With turntable, amplification and speakers all built into a single box, the Seed is a simple, elegant solution that gives all you need to start enjoying music from an analogue format – and being a Bluetooth-enabled device, provides a measure of digital functionality too!
Admittedly, a product like this won’t make the cut on an audiophile purist’s list – but that’s not who it’s made for. Digging deeper beneath the surface, however, reveals that the HYM Seed possesses a certain degree of audiophile cred.
The obvious and most significant issue the Seed has to overcome is to prevent the sensitive vinyl playback system from being shaken and rocked by the speakers directly beneath it. The solution is to use springs – which are also used in one of the best–sounding turntable designs that has a huge cult following.
The record-playing mechanism is a little lightweight, however. The tonearm, which has a 218mm effective length, is fitted with a conical-tipped Audio-Technica AT3600L moving magnet cartridge.
The belt-driven platter is not full-sized and smaller than a regular 12-inch record, which will sit with a good inch or so suspended over the platter’s edge. The motor is also able to spin the platter at 33.33 and 45 RPM, and is controlled by a rotary power switch just at the base of the tonearm.
The turntable mechanism sits on a trapezoid box which houses a pair of four-inch woofers and two one-inch tweeters, which are driven in turn by an 80-watt Class D amplifier.
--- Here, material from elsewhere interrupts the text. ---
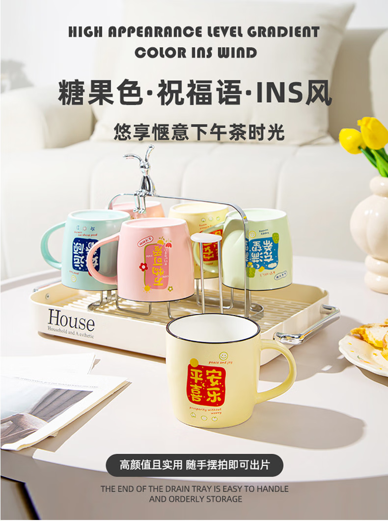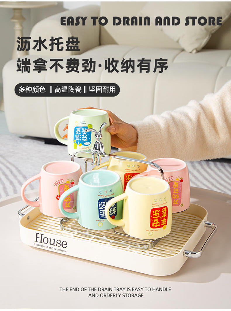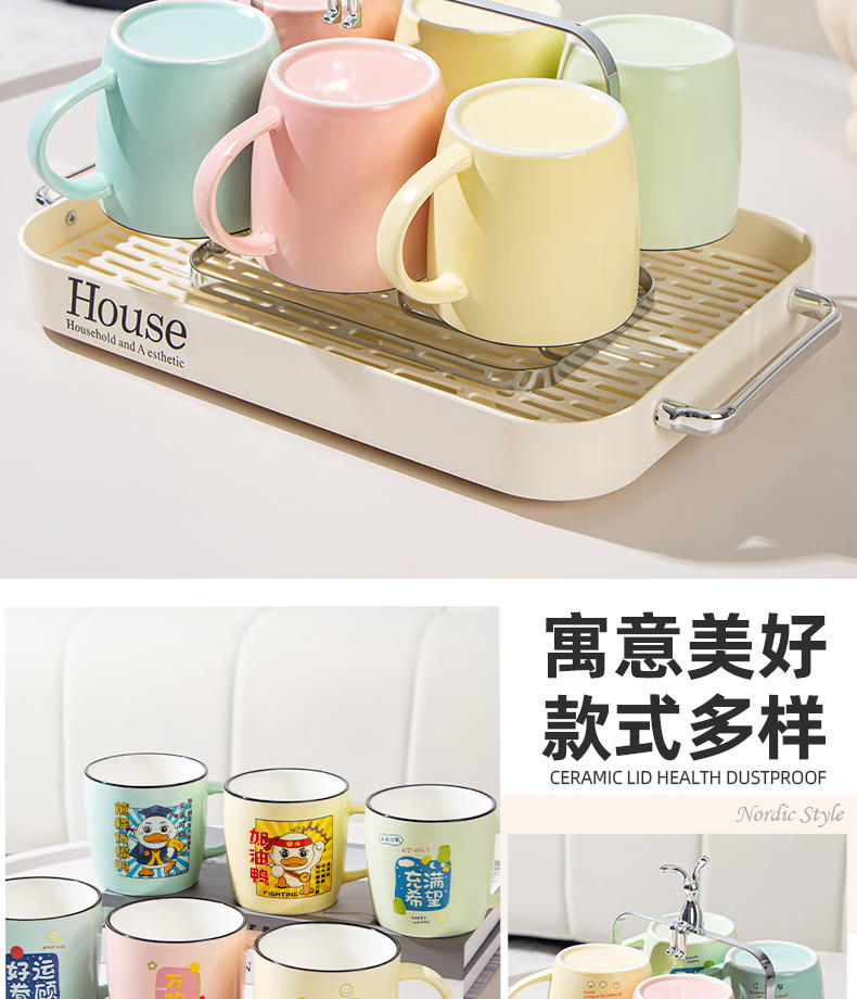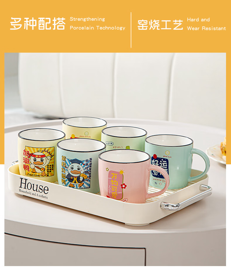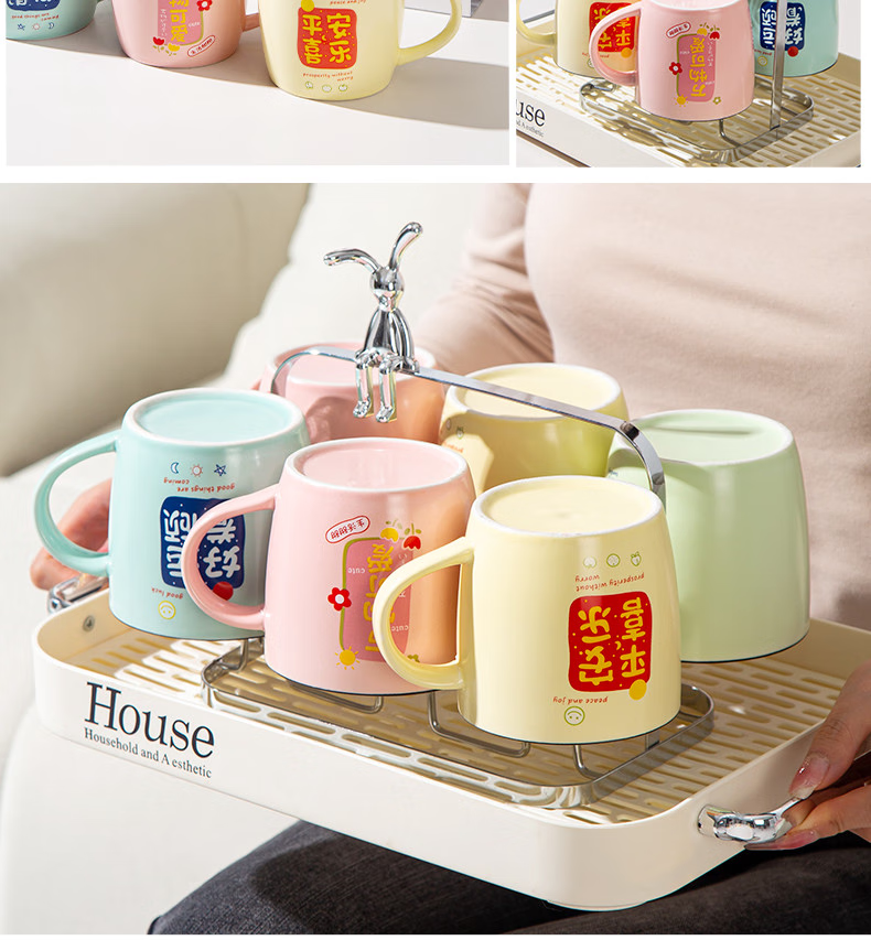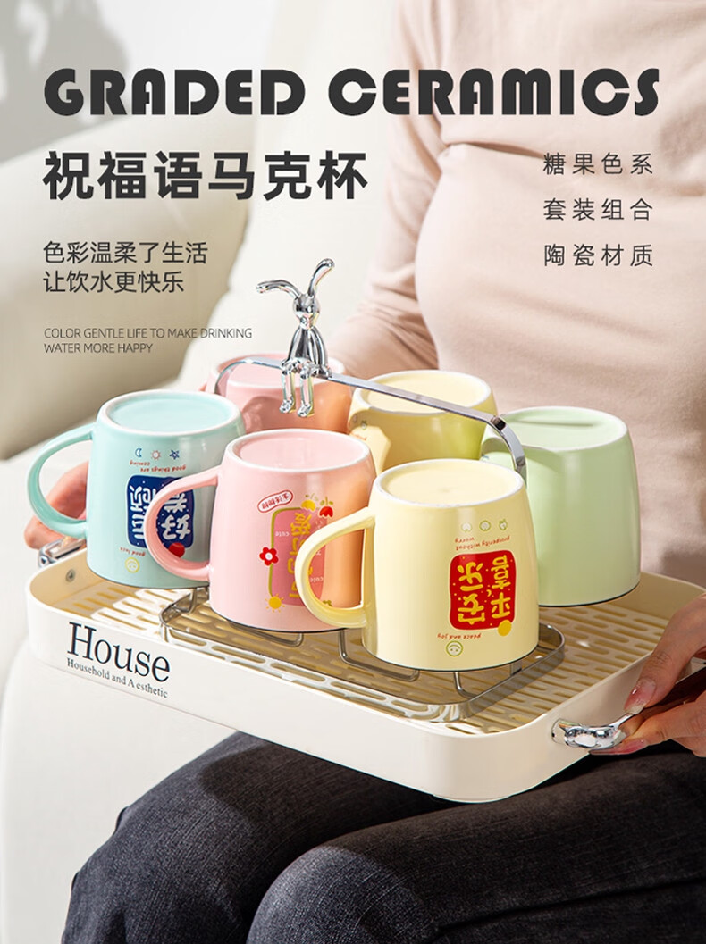 Fantasy housewarming new home living room family cup cup holder household drinking water family ceramic cup water cup set high blessing style 6 cups (6 patterns) handle drain tray

The Seed also provides a pair of RCA outputs so you can connect the turntable section to an external sound system if desired. As a bonus, you can also hook it up to an external source device wirelessly via Bluetooth or physically via its 3.5mm (headphone-plug size) auxiliary input.
It also has a remote control, which allows you to switch sources, adjust the volume and/or its bass boost setting. These controls are also mirrored at the bottom of the unit on a capacitive touch panel.
However, if a record is playing, switching inputs does not stop the platter from spinning – it has to be turned off manually via the rotary on/off/speed control knob mentioned above.
The entire rig is quite a hefty piece of gear. The Seed measures 27 x 38 x 35cm (h/w/d) and weighs approximately 15kg, so it needs to be placed on a large sturdy surface. It bears noting that its feet are non-adjustable, so ensuring the platform it sits on is level or levelling it after will need a little work (a few strategically placed pennies will do the trick).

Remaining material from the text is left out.